**DATASET:**
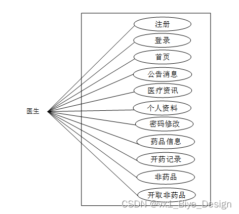 根据上一节功能分析,可以得出系统的用例,医生角色用例如图2.1所示。
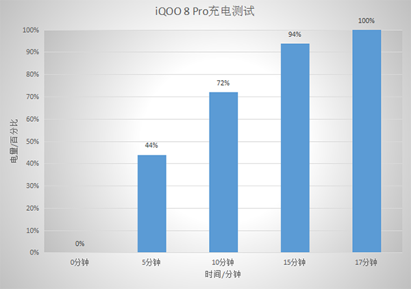 很多朋友或許和我一樣有過這樣的經(jīng)歷,早上起晚了或者著急出門時,才發(fā)現(xiàn)手機電量不足,這時候給手機充電倘若需要漫長等待就會讓人特別抓狂。值得欣喜的是,iQOO 8 Pro這次帶來的充電表現(xiàn)相當出色,“回血”速度相當優(yōu)秀。
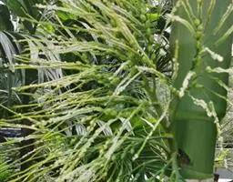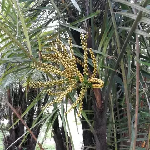 花序长达1.5米,多分枝,佛焰苞在开花前象l根垒球棒;花小,雌雄同株,雄花长6-7毫米,雄蕊6,与花瓣等长,雌花长约为雄花之半。
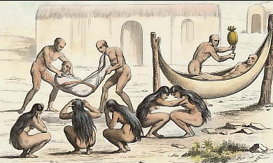 Brésil. Gravure sur acier, gravée par Lesueur d´après Debret. 1838. Très bon état. Aquarellée à la main. 14,5x9cm. Montée sous passe-partout.
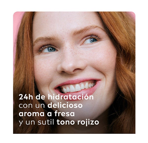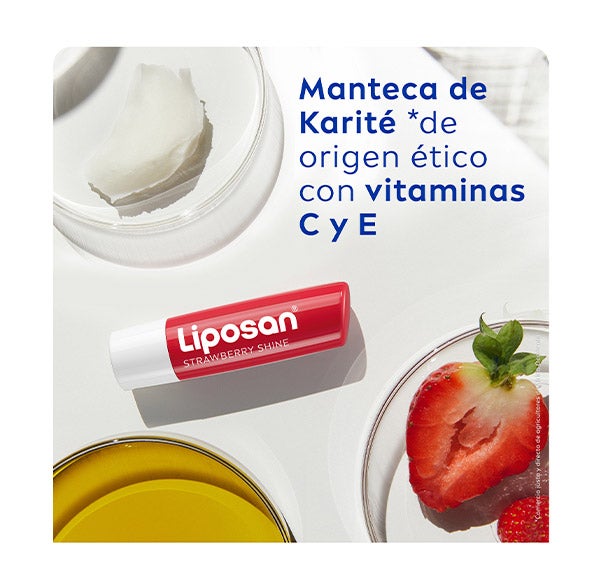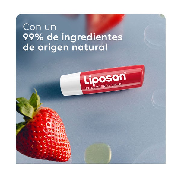 Tu elección es Liposan Strawberry Shine. Este bálsamo con fragancia de fresa brinda un suave brillo con tono rojizo mientras ayuda a resguardar los labios de la sequedad, el viento y el frío.

**ASSIGNMENT:** Produce the entries above once more, exactly as given, with each picture left out.

**ANSWER BOX:**
 根据上一节功能分析,可以得出系统的用例,医生角色用例如图2.1所示。
 很多朋友或許和我一樣有過這樣的經(jīng)歷,早上起晚了或者著急出門時,才發(fā)現(xiàn)手機電量不足,這時候給手機充電倘若需要漫長等待就會讓人特別抓狂。值得欣喜的是,iQOO 8 Pro這次帶來的充電表現(xiàn)相當出色,“回血”速度相當優(yōu)秀。
 花序长达1.5米,多分枝,佛焰苞在开花前象l根垒球棒;花小,雌雄同株,雄花长6-7毫米,雄蕊6,与花瓣等长,雌花长约为雄花之半。
 Brésil. Gravure sur acier, gravée par Lesueur d´après Debret. 1838. Très bon état. Aquarellée à la main. 14,5x9cm. Montée sous passe-partout.
 Tu elección es Liposan Strawberry Shine. Este bálsamo con fragancia de fresa brinda un suave brillo con tono rojizo mientras ayuda a resguardar los labios de la sequedad, el viento y el frío.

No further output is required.